After just a few epochs of training only the classifier head (Feature Extraction), you should observe:
* *Loss Decreasing:* Both training and validation loss should generally decrease.
* *Accuracy Increasing:* Both training and validation accuracy should increase significantly from random chance (~2.7% for 37 classes). Reaching accuracies above 50% or even higher is common in this phase, demonstrating the power of the pre-trained features.
* *Speed:* This phase should be relatively fast because backpropagation only happens through the final layer.

Next lecture, we'll build on this foundation by doing the following:
1.  *Full Evaluation:* Implement more detailed evaluation metrics (Precision, Recall, F1, Confusion Matrix).
2.  *Data Augmentation:* Add techniques like random flips and crops to the training data to improve generalization.
3.  *Fine-Tuning:* Unfreeze some of the later layers of the base model and train them with a low learning rate (Differential Learning Rates).

### Homework: Feature Extraction for ResNet18 (to be completed by Wednesday, Apr 30)

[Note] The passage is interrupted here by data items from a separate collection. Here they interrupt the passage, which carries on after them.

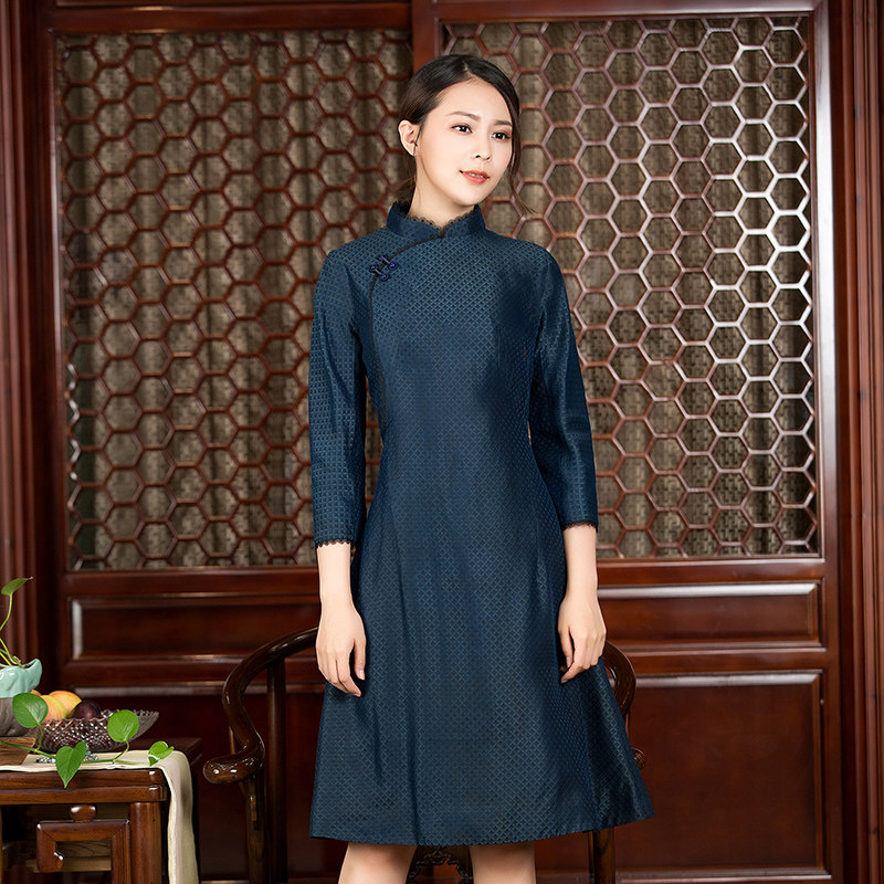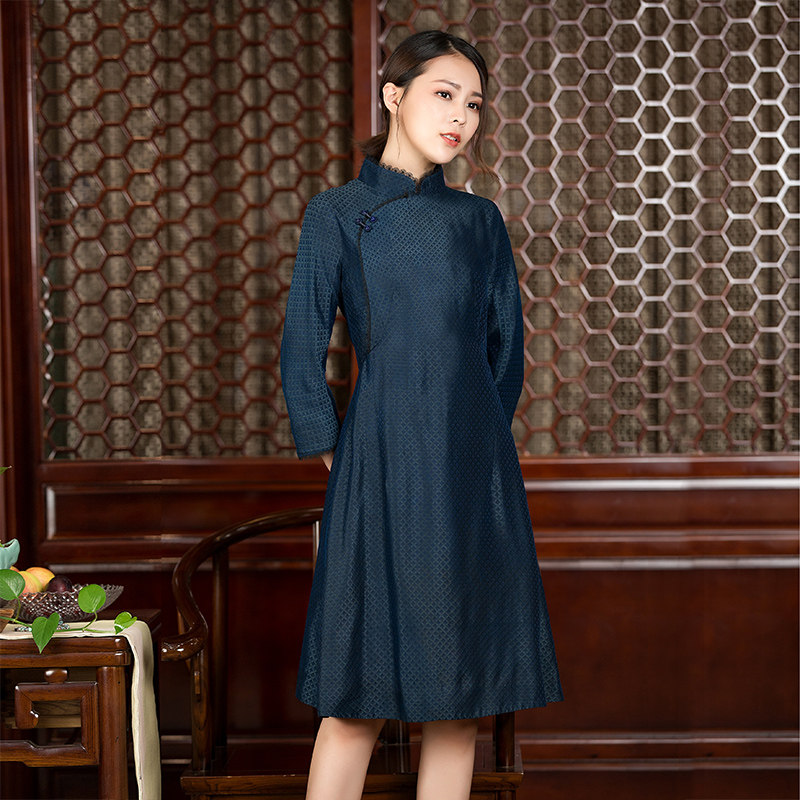 Chinese retro mulberry silk Xiangyun Yarn dress slim slim improved medium and long version of Cheongsam skirt autumn women's genuine products
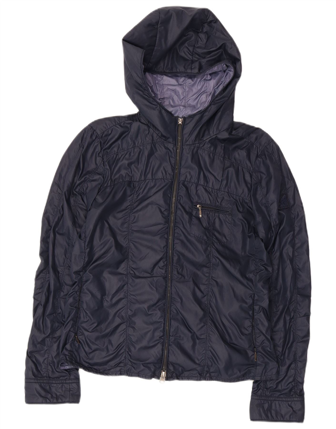 HOGAN Womens Hooded Bomber Jacket IT 44 Medium Navy Blue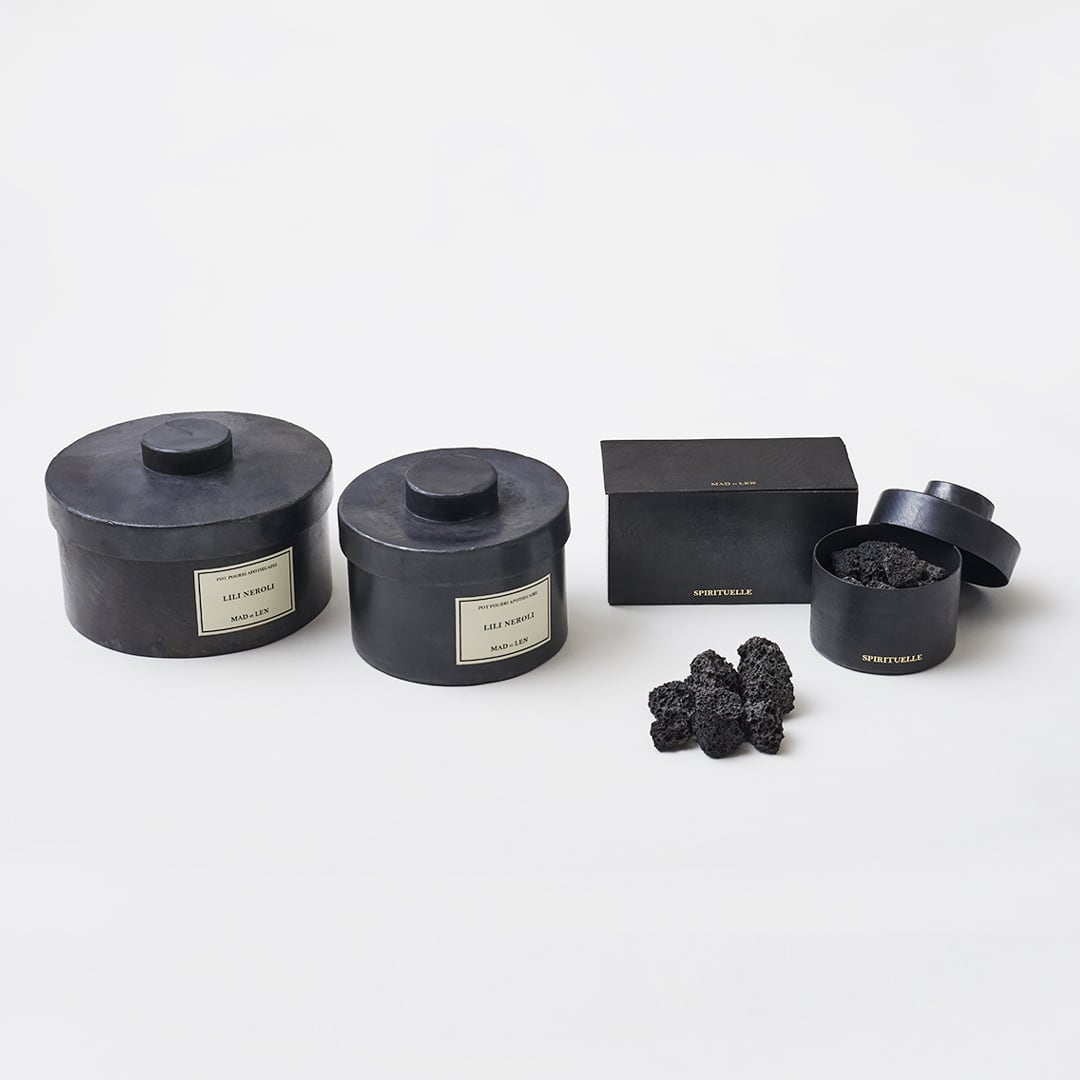 ミニマルアートを感じさせるアイアンの器に、無骨なラバロック(溶岩石)を入れた、ポプリタイプのルームフレグランスです。付属のリチャージオイルを滴らし、お好みに合わせ香りの広がりや強弱をお楽しみください。蓋の開け閉めでも調整できます。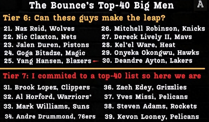 NBA新赛季未启,一场关于中锋排名的争论已席卷篮球圈——美国权威媒体《The Athletic》专家Zach Harper最新公布的40大中锋榜单中,中国新星杨瀚森高居第25位,力压独行侠冠军中锋莱夫利(第27)和湖人新援、前状元艾顿(第30)!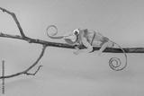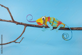 a colorful, artistic representation of a chameleon perched on a branch. with vibrant colors including blue, yellow, red, and purple. Its tongue is extended and curled, and its tail is also curled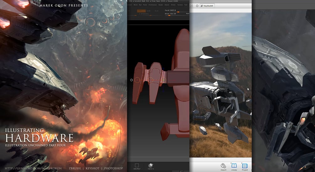 Its a standalone tutorial representing a vertical slice through mu workflow. Starting with sculpting from scratch in Zbrush through Keyshot renderings, to final detailing in Photoshop. Its a similar process to the one shown in previous episodes but this time I talk a bit more about design choices specific to a machine concept. And of course as a bonus I showing you how I created poster for this episode using newly created assets.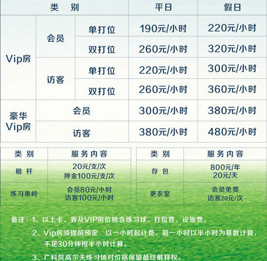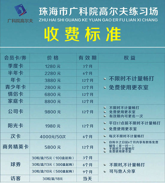 珠海广科院高尔夫练习场收费标准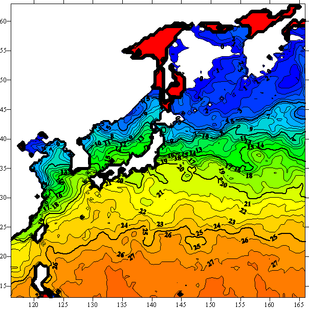 o 2005년 1월 13일 북서태평양 광역해양 수온분포 입니다.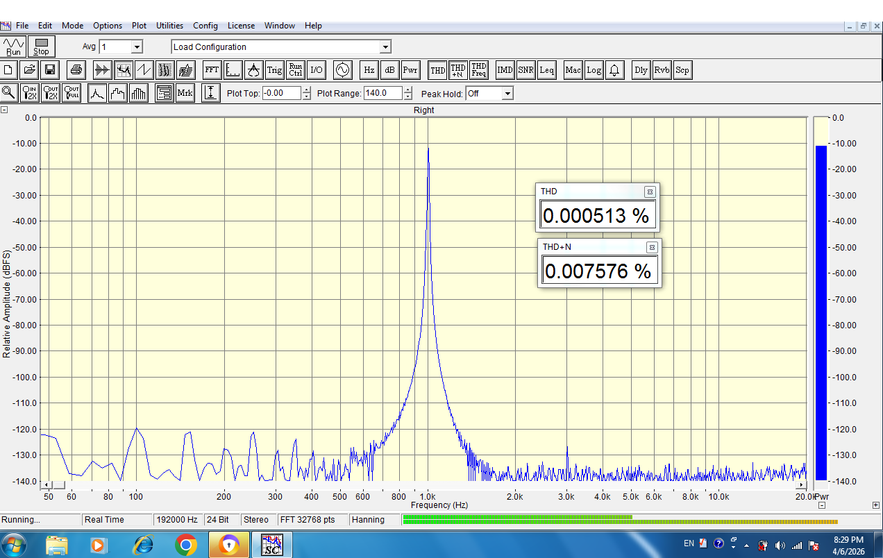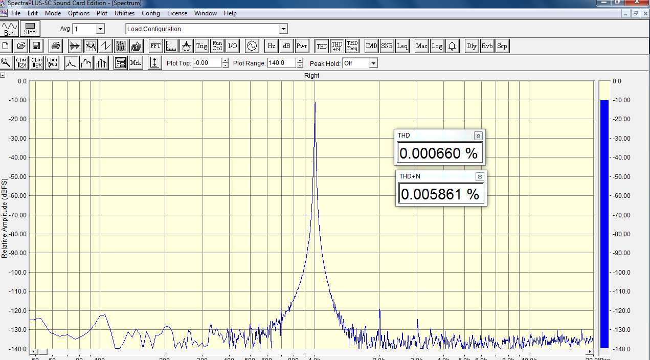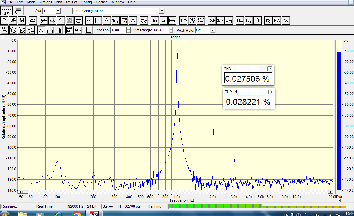 E-MU0404 USB, Сделал wav файл 24/192 1kHz в iZotope и поставил на воспроизведение. В простой версии AH-D6 с гармониками все в порядке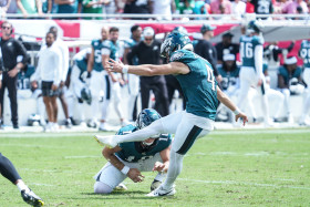 Tampa Bay, Florida, USA, September 28, 2025, Philadelphia Eagles kicker Jake Elliott #4 makes a kick at Raymond James Stadium. (Photo Credit: Marty Jean-Louis)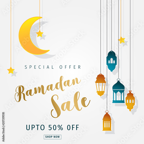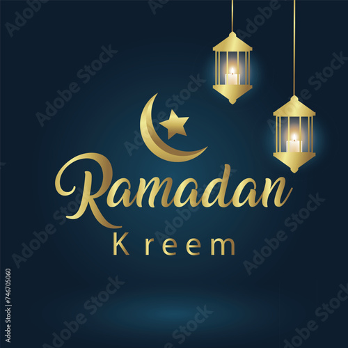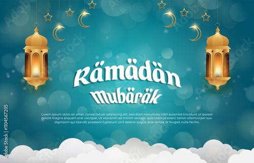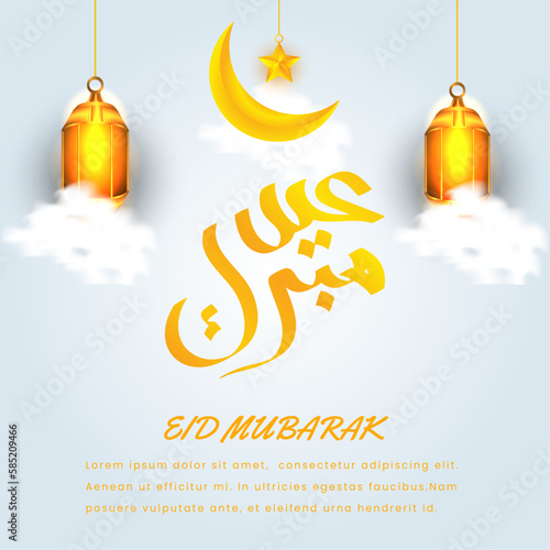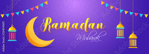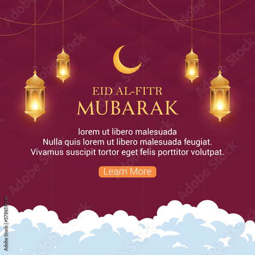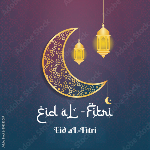 Eid al Adha karty design ve 3D moderním vektorovém stylu. Islámský sváteční banner Eid Mubarak s lucernou ramadánu a Měsícem. Ramadán muslimská dekorace a fialové barevné pozadí.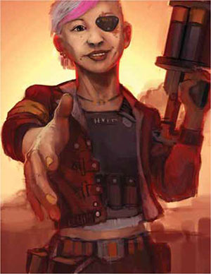 The boy stares in shock as a woman steps out of the shadows, the weight of her grenade launcher apparent in the exaggerated movements of her slender body. She is a violent shock of color, with the yellow bolt of Ret's gang on her jacket and the fuzz of her shaved head dyed white. She kneels down by him, and he looks into her one good eye. You're scared, she says. It isn't a question, but he nods yes anyway.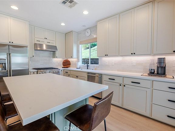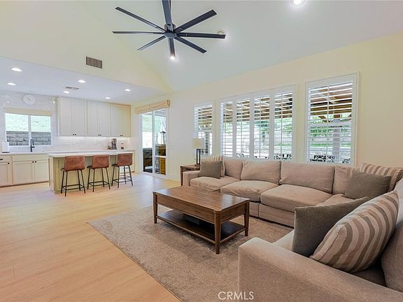 Can’t find a large single story? This popular floorplan has the primary suite PLUS two more bedrooms downstairs! Full bedroom and bathroom upstairs plus a spacious loft. Terric versatility and rarely for sale. This absolutely gorgeous pool home is located at the end of the cul-de-sac. The kitchen is breathtaking. It was remodeled in 2024 with outstanding meticulous finishes. Greige custom cabinetry with 4 ft doors, black hardware, all soft close drawers, island with built-in microwave and pull-out cabinets, quartz countertops, ceramic 3x12 horizontal backsplash and Café appliances. Custom pantry with pull-out drawers. Laminate “white oak” looking floors throughout with 6-inch baseboards. Family room fireplace was redone with new custom doors and tiled fireplace. The primary suite bathroom was also remodeled in 2024 with a custom dual vanity, quartz countertops and a beautiful walk-in shower featuring hexagon white tile flooring and 3x12 tile walls. Primary suite added French doors off the back leading to the covered patio. The other two bedrooms downstairs are also good-sized and share another bathroom which has been remodeled with a custom vanity, mirror and lighting. Linen closet has been added for additional storage right outside the bathroom. Formal living room has a fireplace with custom doors, newer mantel and trendy sconces. Upstairs loft is large and would make a great game room or second family room. Bedroom upstairs is currently set up as an office but has a closet which makes it the 4th bedroom in the house. Entertainers’ backyard! Outdoor island with BBQ, covered patio, pool and spa, and turf! Extra-long and wide driveway with a 3-car garage. No Mello Roos. This home is a 10!!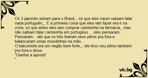 Os 3 japonês vieram para o Brasil,,, só que eles naum sabiam falar nada português,,, E a primeira coisa que eles iam fazer era ir na zona, só que antes eles iam comprar camisinha na farmácia,, mas não sabiam falar camisinha em portugêus.... eles pensaram... Pensaram... até que os três tiraram seus pênis pra fora e balancaram umas moedinhas na mão...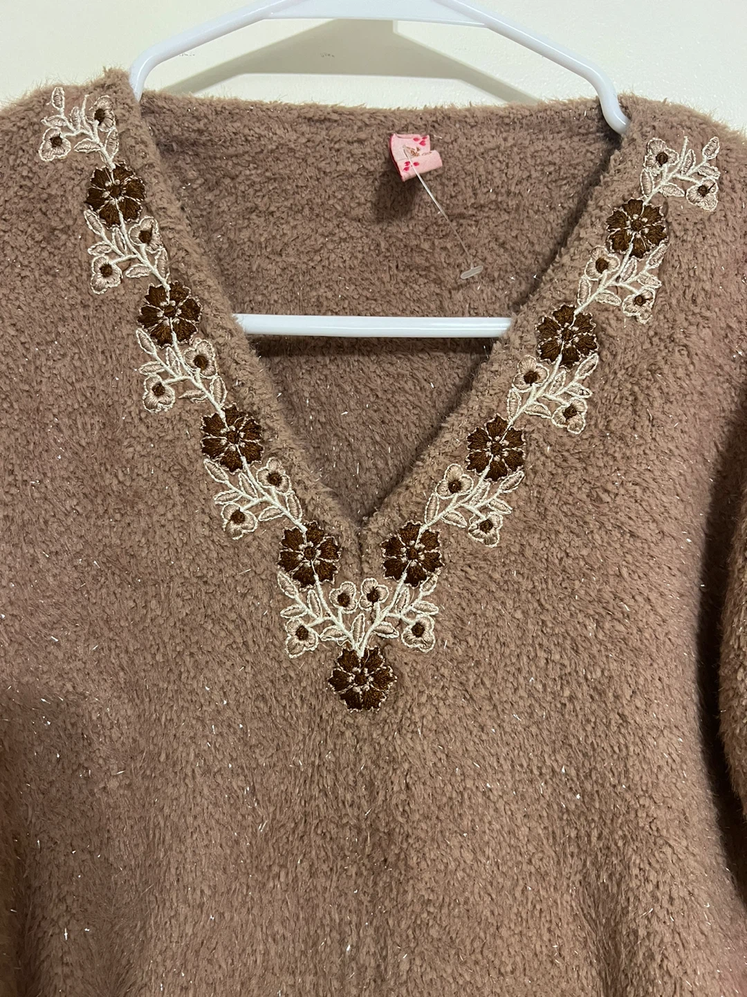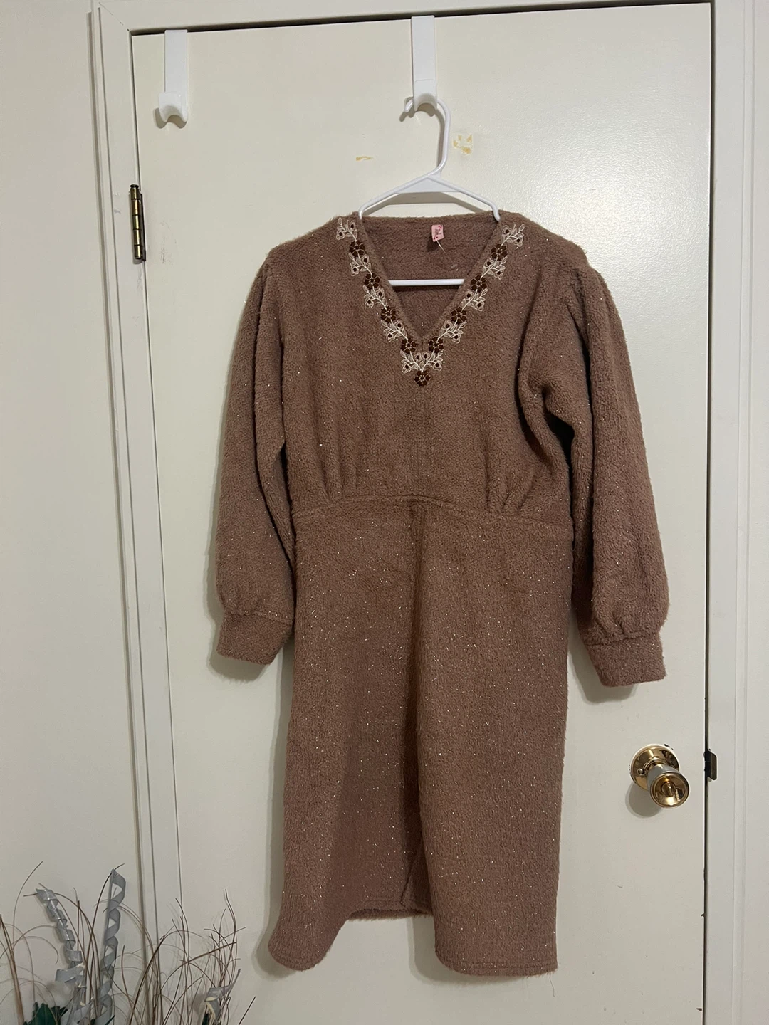 A lovely brown dress with floral embroidery around the neckline. It's in great condition and ready for a new wardrobe!

**Goal:** Reinforce the complete "Feature Extraction" pipeline (data loading with normalization, model adaptation, optimizer setup, training loop) by applying it to the *second* project model (ResNet18). This ensures you have a working baseline for both models before moving to fine-tuning in Lecture 3.

**Tasks:**

1.  **Adapt Lecture 2 Code:** You should be working within this Jupyter Notebook from Lecture 2, which implemented and ran Feature Extraction for MobileNetV3 on the Pet dataset.
2.  **Target ResNet18:** Modify the "Feature Extraction Training Run" section (likely starting around Cell 8):
    * Change the `model_to_train` variable to use the `resnet18` model instance (which was already loaded and adapted earlier in this notebook).
    * Update the `model_name` variable accordingly (e.g., `"ResNet18_FeatureExtract"`).
    * Double-check that the `optimizer` is correctly configured to target *only* the trainable parameters of the modified `resnet18` model (i.e., the parameters of the new `resnet18.fc` layer). The code provided, which filters `params_to_update` based on `param.requires_grad`, should handle this correctly. Keep the loss function (`nn.CrossEntropyLoss`) and Adam learning rate (`lr=0.001`) the same as the MobileNetV3 run for a fair comparison at this stage.
3.  **Run Training:** Execute the training loop for the same number of epochs used for the MobileNetV3 demo in this lecture (e.g., 5 epochs).
4.  **Report Results:** Ensure the output cells clearly display the final training loss, training accuracy, validation loss, and validation accuracy achieved by ResNet18 after the training run completes.
5.  **Brief Comparison:** Add a short Markdown cell at the end comparing the final validation accuracy of ResNet18 (from your run) to the final validation accuracy achieved by MobileNetV3 in the lecture's demo run. Just a sentence or two noting which performed better in this initial feature extraction phase is sufficient.